Gaji Pokok Golongan III
Mayoritas guru PNS berada di golongan III dengan rincian sebagai berikut:
| Golongan | Masa Kerja 0 Tahun | Masa Kerja 10 Tahun | Masa Kerja 20 Tahun |
|---|---|---|---|
| III/a | Rp2.785.700 | Rp3.178.800 | Rp3.627.500 |
| III/b | Rp2.903.600 | Rp3.313.300 | Rp3.781.000 |
| III/c | Rp3.026.400 | Rp3.453.300 | Rp3.940.700 |
| III/d | Rp3.154.400 | Rp3.599.400 | Rp4.107.600 |
| IV/a | Rp3.287.800 | Rp3.751.500 | Rp4.281.400 |
| IV/b | Rp3.426.900 | Rp3.910.200 | Rp4.462.500 |
Catatan: Tabel di atas adalah estimasi berdasarkan PP Gaji PNS terbaru. Besaran gaji dapat berubah jika ada kenaikan gaji PNS di tahun 2026. Selalu konfirmasi dengan instansi terkait untuk informasi resmi.
Gaji Pokok Golongan II
Untuk guru dengan kualifikasi D2 atau D3:
- Golongan II/a: Mulai dari Rp2.184.000
- Golongan II/b: Mulai dari Rp2.276.100
- Golongan II/c: Mulai dari Rp2.372.100
- Golongan II/d: Mulai dari Rp2.472.300
Gaji Pokok Golongan IV
Untuk guru senior dengan pangkat tinggi:
- Golongan IV/a: Mulai dari Rp3.287.800
- Golongan IV/b: Mulai dari Rp3.426.900
- Golongan IV/c: Mulai dari Rp3.571.900
- Golongan IV/d: Mulai dari Rp3.723.000
- Golongan IV/e: Mulai dari Rp3.880.400
Tunjangan Profesi Guru (Sertifikasi)
Tunjangan profesi adalah tambahan penghasilan terbesar bagi guru yang sudah tersertifikasi.

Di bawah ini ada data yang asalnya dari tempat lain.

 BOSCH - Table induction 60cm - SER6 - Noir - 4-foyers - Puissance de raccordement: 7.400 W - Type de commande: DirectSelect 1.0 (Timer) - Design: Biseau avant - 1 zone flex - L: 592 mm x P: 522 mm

Pengertian Tunjangan Profesi
Tunjangan profesi guru (TPG) diberikan kepada guru yang telah memiliki sertifikat pendidik sebagai pengakuan profesionalisme. Tunjangan ini diatur dalam UU No. 14 Tahun 2005 tentang Guru dan Dosen.
Besaran Tunjangan Profesi
Besaran TPG untuk guru PNS:
- Setara dengan 1 kali gaji pokok sesuai golongan
- Dibayarkan setiap bulan
- Disalurkan melalui rekening guru
Syarat Menerima Tunjangan Profesi
Persyaratan untuk mendapat TPG:
- Memiliki sertifikat pendidik yang valid
- Terdaftar di Dapodik dengan data lengkap
- Memenuhi beban kerja minimal 24 jam tatap muka per minggu
- Aktif mengajar di satuan pendidikan
- Memiliki NUPTK
Jadwal Pencairan
TPG biasanya dicairkan:
- Per triwulan (3 bulan sekali)
- Jadwal tergantung ketersediaan anggaran
- Verifikasi data dilakukan sebelum pencairan
Tunjangan Fungsional Guru
Tunjangan fungsional diberikan untuk guru yang belum memiliki sertifikat pendidik.

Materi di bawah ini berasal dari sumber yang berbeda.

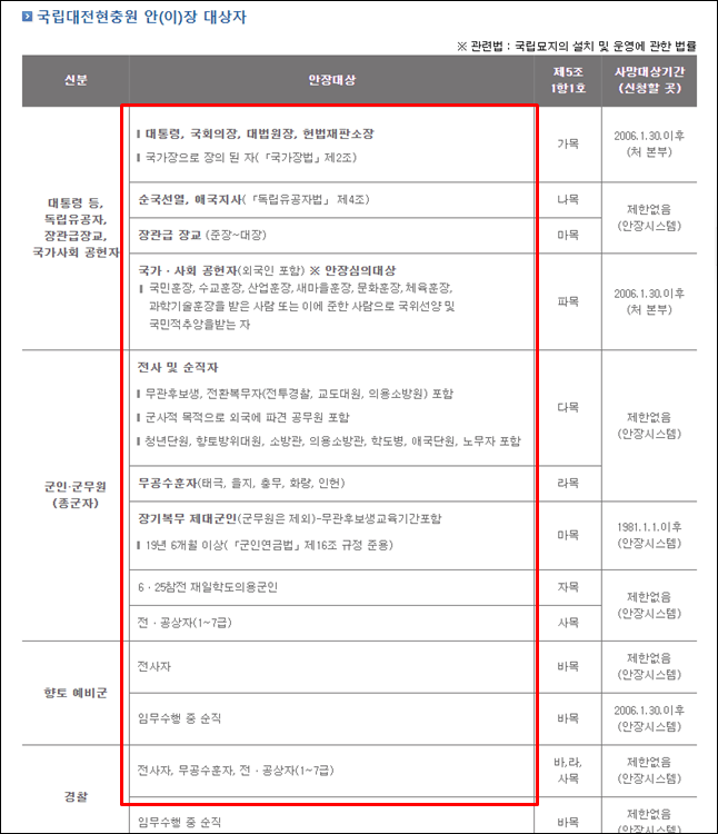 2. 현충원 안장대상자

Pengertian Tunjangan Fungsional
Tunjangan fungsional adalah insentif yang diberikan kepada guru PNS maupun non-PNS yang belum tersertifikasi. Tunjangan ini sebagai bentuk apresiasi terhadap jabatan fungsional guru.

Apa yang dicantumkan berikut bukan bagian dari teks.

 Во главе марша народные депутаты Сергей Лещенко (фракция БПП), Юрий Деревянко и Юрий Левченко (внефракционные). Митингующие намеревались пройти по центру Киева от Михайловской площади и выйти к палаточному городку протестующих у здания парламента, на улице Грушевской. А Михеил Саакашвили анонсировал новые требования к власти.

Besaran Tunjangan Fungsional
Estimasi besaran tunjangan fungsional:
- Guru Pertama: Sekitar Rp250.000 per bulan
- Guru Muda: Sekitar Rp300.000 per bulan
- Guru Madya: Sekitar Rp350.000 per bulan
- Guru Utama: Sekitar Rp400.000 per bulan
Catatan: Besaran bisa berbeda tergantung kebijakan daerah dan ketersediaan anggaran.
Perbedaan dengan Tunjangan Profesi
Perbandingan keduanya:
- TPG jauh lebih besar (setara gaji pokok) dibanding tunjangan fungsional
- Tunjangan fungsional untuk yang belum sertifikasi
- TPG mensyaratkan sertifikat pendidik
- Tidak bisa menerima keduanya bersamaan
Tunjangan Khusus Guru Daerah 3T
Guru yang mengajar di daerah terpencil, tertinggal, dan terdepan mendapat tambahan khusus.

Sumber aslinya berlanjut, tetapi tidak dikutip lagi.